Review: Maria Tumarkinon Roz Chast

Bold capitals, squiggly underline!! Can’t We Talk About Something More Pleasant?

Roz Chast’s Can’t We Talk About Something More Pleasant? is a graphic memoir about a time in her parents’ lives when, having both turned 90, they were:

slowly leaving the sphere of TV commercial old age –
•     Spry!
•     Totally Independent!!
•     Just Like A Normal Adult, But With SILVER HAIR!!!
– and moving into the part of old age that was scarier, harder to talk about, and not a part of this culture.

It concerns, in other words, a time when ‘SOMETHING WAS COMING DOWN THE PIKE’.

The book is brilliant – here’s evidence: I bought it for a good friend but never gave it to him, getting him instead, in haste, at the San Francisco International Airport bookstore, Laurent Binet’s HHhH (2012). Chast’s book, I decided, was TOO GOOD for my good friend. (That’s me dreaming up the text part of a Chast-like comic panel to go with my claim for the book’s superior quality. The story, Chast-like again, is true.)

Now, I am not going to parade in front of you the many examples of graphic memoirs, which by now are legion, dealing with the loss of a parent, or with the way we get made and unmade by tragedy, memory and family, to show you I know my stuff. I don’t know my stuff that much. I know, only up to a point, my Spiegelmans, Gaimans and Bechdels. Chris Ware and David Small I am familiar with. But I am a mere toe-dipper, not an aficionado, which is to say I stumbled onto Chast’s book (actually my partner reminds me he showed it to me) in a bookshop, rather than waiting for it and crossing days off the calendar with a black texta. I had liked Chast’s New Yorker cartoons. This book is on a different plane.

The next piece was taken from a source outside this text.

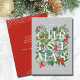 A palavra Natal entre as folhas e as bagas de inverno aparece na frente desses cartões de natal e sua saudação personalizada nas costas. Selecione Matte para o papel mais pesado e alta definição para melhor qualidade de impressão.
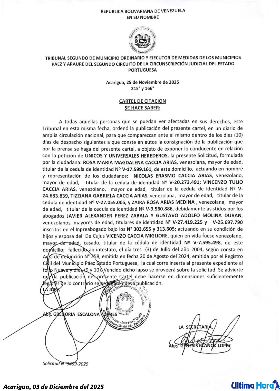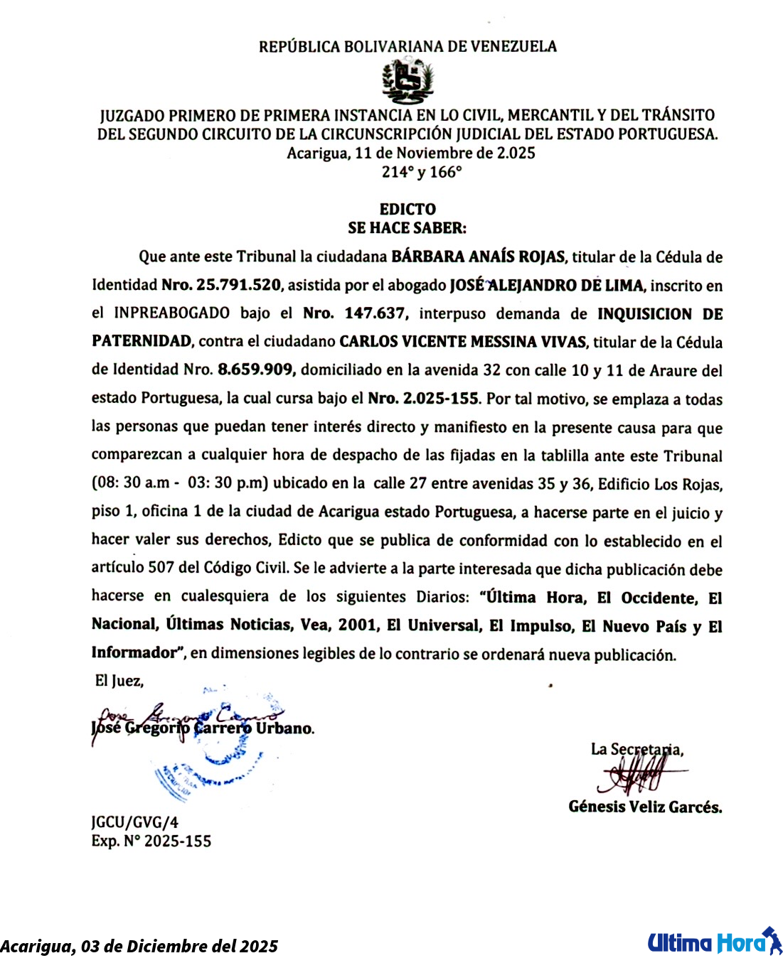 Más adelante, destacó que Orellana Mogollón presenta un antecedente penal ante el Cicpc Delegación Municipal Acarigua, por el delito de lesiones personales, según expediente № MP-32519-19, con fecha del 4 de febrero del año 2019.

Chast’s parents were much older than other kids’ parents, more a grandparental look and feel. They were born ten days apart in 1912, and grew up two blocks apart in East Harlem, attending the same fifth-grade class and only ever dating each other. ‘Aside from WWII, work, illness and going to the bathroom, they did everything together.’ Elizabeth washed George’s hair. Roz was their only child. For all of her life, her parents lived in the same apartment in Brooklyn. Not the Brooklyn of artists, writers and hipsters: ‘This was DEEP Brooklyn, the Brooklyn of people who have been left behind by everything and everyone.’

Chast not only capitalises DEEP, she underlines it as well, which is significant, worth talking about. And we will talk about it, soon, and about quotation marks, exclamation marks, straight and curly underlines, asterixes, annotations and all the soaring work Chast gets each of them to do for her. For now, to avoid unnecessary confusion (necessary confusion is an altogether different deal), you should know that my quotation marks are single when I am quoting Chast and deliberately double when I am reproducing Chast’s own double quotation marks, a form of punctuation Chast uses frequently and pointedly.

She hated her childhood, hated Brooklyn. Sixteen years old and getting ready to leave for college, she was not the only one relieved. Her parents ‘had their own thing going’ and that thing worked much better without their daughter as a third wheel. Chast tells us this early in the book. Her parents referred to each other, without any irony, as “soul mates”.

Elizabeth: The rocks in his head match the holes in mine!
George: Ditto!

Elsewhere:

Elizabeth: “Codependent”? Of course we’re codependent!
George: Thank GOD!!!

George taught high-school French and Spanish. He also spoke Italian and Yiddish (they were Jewish), loved words and their origins, and stuffed his extensively annotated dictionaries with “relevant” clippings from newspapers and magazines. His neuroticism – he did not drive, swim, ride a bike or change lightbulbs, and refused to consider eating raw apples – did not make him a deadbeat father. Roz and George watched television shows together, played card games, discussed the Beatles, took walks to get a malted shake or a grilled cheese at a local store, and generally kept each other company. He was kind, loving, sensitive. Thin-skinned, too – like his daughter.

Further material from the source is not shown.